Of course, he remembers Sam Winchester. Sam was one of those students, the kind you wonder about years later. Matt Wyatt is famous for his success with the gifted hard-luck cases, and Sam is one that got away. His colleagues tease him for being an idealist, but Wyatt still believes he can make a difference.

He really does need to get back to the stack of papers that are still waiting to be graded, but he can't concentrate, mulling over the strange conversation he's just had with Winchester. Like any teacher, Wyatt always appreciates when a former student comes back to thank him, yet Sam's face had been bruised and swollen and distracting enough that it had been hard not to stare. But Wyatt had tried hard to listen to what Sam was trying to say.

Before he'd made his hasty retreat from the classroom, Sam said his life had kind of been one long horror story. Wyatt had called him on it, asking what he meant, but honestly, he can almost relate. It's been a tragic month at Truman High, what with the murder in the girl's bathroom, yesterday's horrific incident in Home Ec, and the drug bust on the bus last night. The police were back on campus today interviewing witnesses, but Wyatt just wants to go home and throw a ball for his dog. Get back to normal again.

Unfortunately, he's got a dozen essays left to grade, and he's promised himself he'll finish before taking off for the weekend.
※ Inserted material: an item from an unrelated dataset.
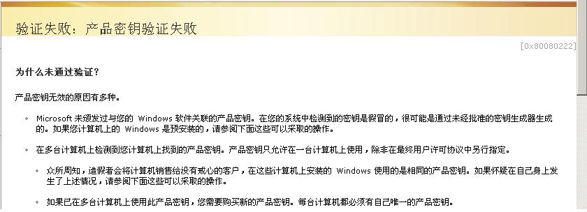 这个问题可以解决。如果你仅想为系统打补丁的话,可以使用把系统设置为自动更新,如果想跳过微软的验证可以在IE加载项里面把windows genuine advantage设置为禁用,饶过微软验证。此方法仅用于下载补丁。给你提供一个XP VLK版本的序列号“DG8FV-B9TKY-FRT9J-6CRCC-XPQ4G”,这个序列号是目前各大盗版XP专用的,我现在用的就这个绝对可以通过微软的正版验证且可以正常下载微软的正版WINDOWS增值软件。如何使用这个序列号替换原来的不用我说了吧,你可以用专用的替换软件或手动修改注册表!
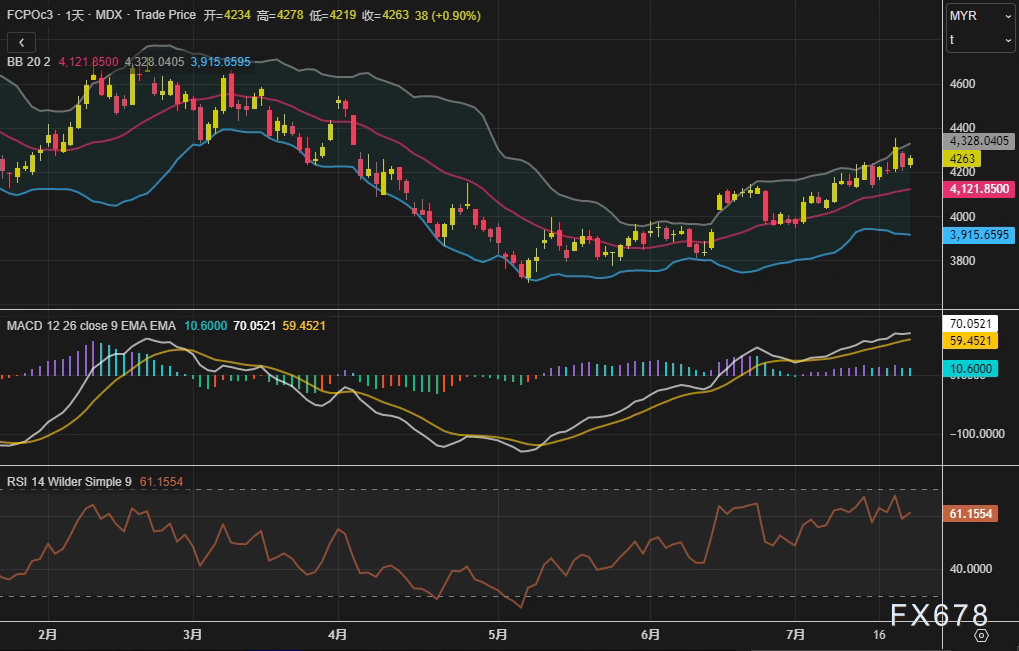 周二(7月22日),马来西亚衍生品交易所(BMD)棕榈油主力合约FCPOc3结束日内波动,最终收于4263林吉特/吨,较前一交易日上涨38林吉特(0.9%),收复周一2.1%的部分跌幅。技术指标显示,当前价格位于布林通道中轨(4121林吉特)与上轨(4328林吉特)之间,MACD柱状线收窄至10.6,RSI(14)报61.16,市场短期呈现偏强震荡格局。

He sighs and pulls another one from the stack. With his favorite pen in hand, he notes some awkward phrasing in the introduction and praises a smooth transition between paragraphs. The student is one of the better writers in the class and knows how to write an essay, but Wyatt's heart just isn't in it. Sam's old story keeps calling to him, the horror story, the one about the werewolf.
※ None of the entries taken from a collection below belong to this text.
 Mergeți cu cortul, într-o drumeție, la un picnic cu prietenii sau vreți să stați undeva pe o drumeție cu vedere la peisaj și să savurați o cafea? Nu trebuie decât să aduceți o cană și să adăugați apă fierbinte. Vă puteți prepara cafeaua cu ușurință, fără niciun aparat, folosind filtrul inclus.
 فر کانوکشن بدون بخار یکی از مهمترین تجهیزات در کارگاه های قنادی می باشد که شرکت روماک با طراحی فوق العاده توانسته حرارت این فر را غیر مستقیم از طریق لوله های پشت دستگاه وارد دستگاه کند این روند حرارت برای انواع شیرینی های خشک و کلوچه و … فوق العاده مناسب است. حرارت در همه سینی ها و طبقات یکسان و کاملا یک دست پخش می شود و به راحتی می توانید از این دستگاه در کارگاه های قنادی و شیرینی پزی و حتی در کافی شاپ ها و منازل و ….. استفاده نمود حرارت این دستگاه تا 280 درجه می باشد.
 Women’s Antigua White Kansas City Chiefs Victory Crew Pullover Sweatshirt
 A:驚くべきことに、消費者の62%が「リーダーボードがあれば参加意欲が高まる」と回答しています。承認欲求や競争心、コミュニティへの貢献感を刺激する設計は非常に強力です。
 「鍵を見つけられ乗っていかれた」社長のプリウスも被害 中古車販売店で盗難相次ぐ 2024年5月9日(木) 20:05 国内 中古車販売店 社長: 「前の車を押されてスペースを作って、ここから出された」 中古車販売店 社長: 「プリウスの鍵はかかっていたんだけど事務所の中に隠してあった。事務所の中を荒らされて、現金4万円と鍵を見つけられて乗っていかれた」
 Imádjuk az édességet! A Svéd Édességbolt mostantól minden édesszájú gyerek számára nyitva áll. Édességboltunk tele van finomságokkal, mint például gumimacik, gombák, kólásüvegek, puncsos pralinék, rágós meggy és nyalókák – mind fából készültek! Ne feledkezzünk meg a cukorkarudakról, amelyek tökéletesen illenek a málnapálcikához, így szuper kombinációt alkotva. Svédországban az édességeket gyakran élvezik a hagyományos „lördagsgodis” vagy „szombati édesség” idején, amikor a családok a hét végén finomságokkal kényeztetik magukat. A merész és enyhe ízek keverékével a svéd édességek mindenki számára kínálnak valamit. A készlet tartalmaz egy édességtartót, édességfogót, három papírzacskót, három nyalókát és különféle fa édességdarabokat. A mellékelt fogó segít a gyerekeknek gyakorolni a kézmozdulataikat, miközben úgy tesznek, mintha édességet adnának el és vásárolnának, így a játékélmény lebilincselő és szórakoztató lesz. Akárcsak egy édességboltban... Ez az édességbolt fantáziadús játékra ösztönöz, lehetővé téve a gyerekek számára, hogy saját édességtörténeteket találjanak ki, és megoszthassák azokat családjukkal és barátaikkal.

It's been at least twelve years since it was written. Winchester disappeared from Truman High shortly after. Wyatt's glad he made a copy of the story before handing it back to Sam. He often keeps a copy of the best papers -- sometimes, he shares them with the class. It's usually a boost for the writer and lets the rest of the students know what he's looking for. Most importantly, when he's in the middle of a dry spell and needs to be inspired, he goes back to read the "best of the best" again. It's the talented ones who remind him why he went into teaching in the first place.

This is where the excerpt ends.